Она снова останавливала пассажиров, но уже без той увлеченности, с какой делала это раньше. Кончилось тем, что она покинула платформу и без малейшей надежды на успех бесцельно расхаживала взад и вперед по шумному вестибюлю, изредка останавливаясь возле группы молодежи, неутомимо тянувшей: «У кого есть лишний билет на венский «Айс-ревю»? У кого есть лишний билет на венский «Айс-ревю»?»
Стрелки больших электрических часов над темным тоннелем метро уже приближались к той минуте, когда в переполненном зале Дворца спорта гасят свет. Если бы Шева даже достала теперь билет, то все равно опоздала бы к началу. И все же она не отходила от молодых людей и девушек, налетавших с неиссякающим упорством на пассажиров. Вместе с ними стояла на улице у выхода из метро, у автобусных и троллейбусных остановок, спешила навстречу каждому подъезжающему такси, и вместе со всеми побежала потом к видневшемуся в отдалении Дворцу спорта с ярко светившейся крышей.
На каждом шагу давала себя чувствовать свежезалеченная рана — точно иглой пронизывала боль. Шева, закусив губы, останавливалась на минуту и снова пускалась в бег, широко разведя руки, чтобы не потерять равновесие, прыгая по грудам снега.
Вдруг неожиданный резкий порыв ветра заставил ее закрыть глаза, и тут же она увидела Алика посреди тротуара с двумя билетами в руке. Внезапно возле него выросла стройная белокурая девушка с голубыми глазами. И вот они уже сидят, прижавшись друг к другу. Он перебирает ее пальцы, гладит, подносит к губам…

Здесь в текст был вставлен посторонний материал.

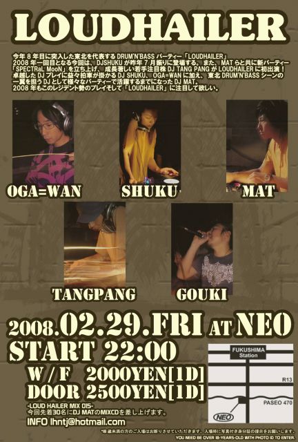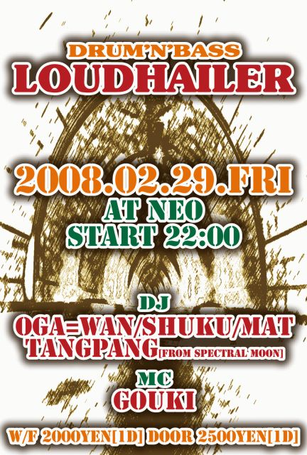 2008年最初の<LOUDHAILER>は2/29@NEO 皆さん乞うご期待! LOUDHAILER 2008.2.29[FRI] @NEO START 22:00 W/F 2000[1D] DOOR 2500[1D] DJ OGA=WAN/SHUKU/MAT/ TANG PANG(SPECTRaL MooN) MC GOUKI 今年8年目に突入した東北を代表するDRUM'N'BASSパーティー「LOUDHAILER」 2008年一回目となる今回は、DJSHUKUが昨年7月振りに登場する。また、MATらと共に新パーティー「SPECTRaL MooN」を立ち上げ、成長著しい若手注目株DJ TANG PANGがLOUDHAILERに初出演! 卓越したDJプレイに益々拍車が掛かるDJ SHUKU、OGA=WANに加え、東北

Шева открыла глаза, огляделась, словно пытаясь вспомнить, как она сюда вдруг попала, и тяжело отдышалась. Ну, а если она войдет в зал и вправду увидит его сидящим с «той»… А окажись он здесь один, она разве подойдет к нему?
Забыв, что наказывал ей врач, когда выписывал из больницы, Шева снова бросилась бежать. Теперь она уже не ощущала сильного ветра, дувшего с реки, обледенелых комьев земли под высокими каблуками, не замечала темноты, разливавшейся по заснеженному вечернему полю.
Многочисленные двери огромного дворца были уже закрыты. Возле каждого входа стояли группы молодых людей и девушек, с еще большей настойчивостью, чем в метро, бежавших навстречу каждому человеку.
Шева избрала для себя самый отдаленный вход. Оставшись одна, легко постучалась в дверь.
Никто не отозвался. Вместе с глухими звуками оркестра время от времени вырывался на улицу громкий гул рукоплесканий.
Шева снова постучалась, на этот раз чуть сильнее.
В полуоткрывшуюся дверь просунулось строгое мужское лицо:
— Это вы барабанили?
— Нет, нет, — растерянно ответила Шева.
Как долго тянется время! Прошло десять минут. До перерыва еще осталось, вероятно, больше часа. Нет, она не станет ждать. Но прошло еще десять минут, а Шева все еще стояла, то и дело поглядывая на свои ручные часики. Вдруг ей вздумалось предложить эти часики билетеру в залог, — она только заглянет в зрительный зал и сразу же выйдет. Ведь Алик сидит не дальше четвертого или пятого ряда, а сколько нужно, чтобы окинуть взглядом четыре-пять рядов?